*Task objective:* Exact repetition, please: start with the line where "Polished front door" appears and stop after the final line of the records.

━━ Extracted entries ━━

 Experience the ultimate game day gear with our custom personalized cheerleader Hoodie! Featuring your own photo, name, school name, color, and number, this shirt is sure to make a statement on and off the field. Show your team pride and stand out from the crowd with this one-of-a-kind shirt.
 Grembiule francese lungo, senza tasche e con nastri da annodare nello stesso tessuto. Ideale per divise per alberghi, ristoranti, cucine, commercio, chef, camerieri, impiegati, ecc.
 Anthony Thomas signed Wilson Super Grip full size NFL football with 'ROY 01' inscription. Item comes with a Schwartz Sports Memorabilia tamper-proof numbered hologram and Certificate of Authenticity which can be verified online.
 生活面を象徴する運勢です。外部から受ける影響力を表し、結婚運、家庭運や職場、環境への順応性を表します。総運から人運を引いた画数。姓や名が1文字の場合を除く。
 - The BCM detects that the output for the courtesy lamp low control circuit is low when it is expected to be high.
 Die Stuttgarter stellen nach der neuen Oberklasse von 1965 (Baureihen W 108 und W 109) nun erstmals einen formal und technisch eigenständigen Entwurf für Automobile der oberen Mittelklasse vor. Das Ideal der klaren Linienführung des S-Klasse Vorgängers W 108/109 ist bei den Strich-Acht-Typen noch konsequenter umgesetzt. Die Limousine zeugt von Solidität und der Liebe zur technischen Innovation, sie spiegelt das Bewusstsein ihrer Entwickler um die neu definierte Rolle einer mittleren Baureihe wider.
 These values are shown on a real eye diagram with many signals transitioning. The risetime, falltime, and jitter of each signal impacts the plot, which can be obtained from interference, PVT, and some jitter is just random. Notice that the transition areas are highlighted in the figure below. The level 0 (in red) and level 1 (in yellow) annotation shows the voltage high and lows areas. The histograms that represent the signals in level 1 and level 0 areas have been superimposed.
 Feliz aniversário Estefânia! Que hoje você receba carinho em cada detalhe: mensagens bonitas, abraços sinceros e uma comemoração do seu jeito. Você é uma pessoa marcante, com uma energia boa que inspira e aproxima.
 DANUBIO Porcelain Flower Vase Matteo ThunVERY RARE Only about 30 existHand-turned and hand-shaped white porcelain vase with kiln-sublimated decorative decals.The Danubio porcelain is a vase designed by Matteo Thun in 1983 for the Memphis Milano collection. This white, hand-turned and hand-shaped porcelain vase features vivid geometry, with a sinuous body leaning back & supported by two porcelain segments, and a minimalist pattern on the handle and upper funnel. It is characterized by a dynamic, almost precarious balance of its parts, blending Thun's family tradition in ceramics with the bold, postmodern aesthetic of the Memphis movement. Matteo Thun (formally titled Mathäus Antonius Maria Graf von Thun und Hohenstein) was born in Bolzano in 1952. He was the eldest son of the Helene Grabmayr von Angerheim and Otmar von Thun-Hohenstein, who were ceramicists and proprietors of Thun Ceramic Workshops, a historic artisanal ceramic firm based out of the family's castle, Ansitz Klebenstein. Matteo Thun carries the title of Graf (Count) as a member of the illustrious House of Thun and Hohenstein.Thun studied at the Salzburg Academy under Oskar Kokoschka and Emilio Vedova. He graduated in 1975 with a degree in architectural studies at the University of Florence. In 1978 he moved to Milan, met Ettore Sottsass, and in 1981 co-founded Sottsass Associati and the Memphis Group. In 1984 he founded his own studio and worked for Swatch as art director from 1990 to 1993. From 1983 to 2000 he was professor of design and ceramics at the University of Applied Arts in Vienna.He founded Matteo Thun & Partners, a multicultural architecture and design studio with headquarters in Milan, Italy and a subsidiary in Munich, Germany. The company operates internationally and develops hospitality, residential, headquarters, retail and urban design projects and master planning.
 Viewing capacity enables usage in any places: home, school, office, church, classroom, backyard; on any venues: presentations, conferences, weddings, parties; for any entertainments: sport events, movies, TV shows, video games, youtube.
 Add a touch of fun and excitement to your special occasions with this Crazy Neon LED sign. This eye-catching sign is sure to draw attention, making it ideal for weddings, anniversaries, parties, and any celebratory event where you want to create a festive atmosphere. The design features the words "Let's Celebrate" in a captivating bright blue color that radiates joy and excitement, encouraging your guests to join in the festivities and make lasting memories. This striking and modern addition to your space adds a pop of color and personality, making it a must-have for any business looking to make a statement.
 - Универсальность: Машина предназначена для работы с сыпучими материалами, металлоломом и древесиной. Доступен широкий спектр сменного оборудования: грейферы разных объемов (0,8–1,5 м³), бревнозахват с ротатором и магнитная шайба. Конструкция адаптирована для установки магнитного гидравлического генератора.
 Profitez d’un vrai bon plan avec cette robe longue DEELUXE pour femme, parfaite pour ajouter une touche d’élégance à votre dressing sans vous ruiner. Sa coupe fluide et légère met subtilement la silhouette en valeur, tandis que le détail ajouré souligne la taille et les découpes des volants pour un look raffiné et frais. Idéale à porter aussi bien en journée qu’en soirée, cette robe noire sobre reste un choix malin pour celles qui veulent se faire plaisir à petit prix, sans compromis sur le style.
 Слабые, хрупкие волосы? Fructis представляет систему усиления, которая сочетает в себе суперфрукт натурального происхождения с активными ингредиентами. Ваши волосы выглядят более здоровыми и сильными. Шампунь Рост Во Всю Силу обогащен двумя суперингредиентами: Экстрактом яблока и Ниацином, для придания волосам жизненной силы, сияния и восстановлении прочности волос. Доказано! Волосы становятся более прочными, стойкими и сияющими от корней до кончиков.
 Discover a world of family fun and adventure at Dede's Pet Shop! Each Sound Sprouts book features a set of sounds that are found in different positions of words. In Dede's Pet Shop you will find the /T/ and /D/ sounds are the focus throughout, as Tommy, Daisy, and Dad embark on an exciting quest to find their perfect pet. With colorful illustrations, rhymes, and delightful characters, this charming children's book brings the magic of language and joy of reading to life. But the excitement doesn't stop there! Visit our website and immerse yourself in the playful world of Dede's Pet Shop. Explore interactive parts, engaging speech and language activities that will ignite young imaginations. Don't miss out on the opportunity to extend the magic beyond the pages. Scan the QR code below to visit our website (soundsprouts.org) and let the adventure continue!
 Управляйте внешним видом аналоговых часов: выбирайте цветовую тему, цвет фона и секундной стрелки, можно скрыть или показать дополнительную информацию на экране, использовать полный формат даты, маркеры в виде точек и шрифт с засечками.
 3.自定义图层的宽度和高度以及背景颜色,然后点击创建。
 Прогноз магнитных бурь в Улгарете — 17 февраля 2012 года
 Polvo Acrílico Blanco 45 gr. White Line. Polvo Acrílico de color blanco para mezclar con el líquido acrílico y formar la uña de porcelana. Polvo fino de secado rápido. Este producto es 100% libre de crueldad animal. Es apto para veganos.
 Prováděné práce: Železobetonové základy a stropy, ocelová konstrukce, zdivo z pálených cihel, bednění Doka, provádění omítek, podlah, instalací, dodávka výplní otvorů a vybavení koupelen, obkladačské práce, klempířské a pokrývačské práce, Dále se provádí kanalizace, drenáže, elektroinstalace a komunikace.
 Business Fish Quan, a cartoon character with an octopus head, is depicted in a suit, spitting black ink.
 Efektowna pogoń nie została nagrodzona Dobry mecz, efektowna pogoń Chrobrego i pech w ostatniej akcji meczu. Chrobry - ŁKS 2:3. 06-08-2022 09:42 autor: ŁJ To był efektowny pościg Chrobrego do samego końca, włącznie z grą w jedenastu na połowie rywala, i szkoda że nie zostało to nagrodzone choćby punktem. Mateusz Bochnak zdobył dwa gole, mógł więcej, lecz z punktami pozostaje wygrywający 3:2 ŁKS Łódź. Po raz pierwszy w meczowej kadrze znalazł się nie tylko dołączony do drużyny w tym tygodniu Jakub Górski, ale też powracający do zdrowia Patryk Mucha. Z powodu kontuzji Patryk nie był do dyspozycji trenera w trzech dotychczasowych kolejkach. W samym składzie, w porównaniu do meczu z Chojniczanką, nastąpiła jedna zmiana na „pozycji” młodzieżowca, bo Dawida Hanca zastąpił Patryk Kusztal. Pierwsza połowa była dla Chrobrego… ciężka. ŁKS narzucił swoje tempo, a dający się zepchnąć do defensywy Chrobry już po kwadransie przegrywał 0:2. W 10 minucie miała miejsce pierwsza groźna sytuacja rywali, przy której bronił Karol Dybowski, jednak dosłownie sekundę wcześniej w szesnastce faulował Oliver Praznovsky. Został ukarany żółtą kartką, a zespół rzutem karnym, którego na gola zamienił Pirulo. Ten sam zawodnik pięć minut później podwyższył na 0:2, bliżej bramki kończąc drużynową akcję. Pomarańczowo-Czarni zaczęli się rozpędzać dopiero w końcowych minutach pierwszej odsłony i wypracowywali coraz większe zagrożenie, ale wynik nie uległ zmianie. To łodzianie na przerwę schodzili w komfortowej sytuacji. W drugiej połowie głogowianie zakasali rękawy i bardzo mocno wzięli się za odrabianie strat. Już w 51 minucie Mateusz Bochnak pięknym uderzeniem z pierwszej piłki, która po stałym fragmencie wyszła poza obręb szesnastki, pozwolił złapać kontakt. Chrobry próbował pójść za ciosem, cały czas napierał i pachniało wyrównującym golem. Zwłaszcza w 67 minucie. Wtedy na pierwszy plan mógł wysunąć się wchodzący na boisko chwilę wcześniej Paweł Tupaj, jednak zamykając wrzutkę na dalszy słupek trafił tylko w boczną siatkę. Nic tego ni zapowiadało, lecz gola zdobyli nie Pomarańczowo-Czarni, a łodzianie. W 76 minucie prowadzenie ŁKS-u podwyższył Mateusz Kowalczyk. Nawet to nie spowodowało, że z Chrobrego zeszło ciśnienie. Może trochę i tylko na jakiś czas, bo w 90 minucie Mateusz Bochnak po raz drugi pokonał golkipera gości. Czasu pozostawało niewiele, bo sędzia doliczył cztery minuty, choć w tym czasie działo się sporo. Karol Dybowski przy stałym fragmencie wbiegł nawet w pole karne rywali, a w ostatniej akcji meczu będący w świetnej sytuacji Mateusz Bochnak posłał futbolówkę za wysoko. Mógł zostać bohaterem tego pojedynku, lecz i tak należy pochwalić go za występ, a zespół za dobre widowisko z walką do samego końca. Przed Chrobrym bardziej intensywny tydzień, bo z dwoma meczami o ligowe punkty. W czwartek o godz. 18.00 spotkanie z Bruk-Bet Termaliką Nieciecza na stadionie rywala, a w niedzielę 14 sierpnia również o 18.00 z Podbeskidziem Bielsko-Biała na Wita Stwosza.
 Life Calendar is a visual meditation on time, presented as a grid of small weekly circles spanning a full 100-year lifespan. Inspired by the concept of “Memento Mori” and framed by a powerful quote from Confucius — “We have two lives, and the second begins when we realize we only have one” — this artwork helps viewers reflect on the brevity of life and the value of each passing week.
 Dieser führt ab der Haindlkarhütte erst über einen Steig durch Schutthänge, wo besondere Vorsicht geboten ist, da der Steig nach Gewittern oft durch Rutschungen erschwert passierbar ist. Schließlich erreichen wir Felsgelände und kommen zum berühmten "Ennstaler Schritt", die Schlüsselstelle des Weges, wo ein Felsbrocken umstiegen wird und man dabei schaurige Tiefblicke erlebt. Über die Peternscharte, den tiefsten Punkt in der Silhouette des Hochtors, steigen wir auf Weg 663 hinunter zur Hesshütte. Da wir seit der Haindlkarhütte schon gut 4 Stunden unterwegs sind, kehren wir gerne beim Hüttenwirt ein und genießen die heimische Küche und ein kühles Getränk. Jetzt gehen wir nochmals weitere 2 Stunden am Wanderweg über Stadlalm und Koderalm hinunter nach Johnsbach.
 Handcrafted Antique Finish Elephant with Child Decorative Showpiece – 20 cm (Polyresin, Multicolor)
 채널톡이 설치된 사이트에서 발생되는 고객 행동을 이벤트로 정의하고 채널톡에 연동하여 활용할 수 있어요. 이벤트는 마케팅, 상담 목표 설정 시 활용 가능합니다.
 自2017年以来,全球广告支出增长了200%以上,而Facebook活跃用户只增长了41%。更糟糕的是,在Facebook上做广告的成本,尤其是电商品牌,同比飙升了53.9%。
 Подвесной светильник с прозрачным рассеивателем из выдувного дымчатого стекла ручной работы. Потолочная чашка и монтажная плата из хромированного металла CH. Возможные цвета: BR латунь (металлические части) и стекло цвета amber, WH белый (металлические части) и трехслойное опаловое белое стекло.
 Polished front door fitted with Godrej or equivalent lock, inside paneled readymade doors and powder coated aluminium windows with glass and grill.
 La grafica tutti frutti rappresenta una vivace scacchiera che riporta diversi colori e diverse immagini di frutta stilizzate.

━━━

*Output for this task:*
 Polished front door fitted with Godrej or equivalent lock, inside paneled readymade doors and powder coated aluminium windows with glass and grill.
 La grafica tutti frutti rappresenta una vivace scacchiera che riporta diversi colori e diverse immagini di frutta stilizzate.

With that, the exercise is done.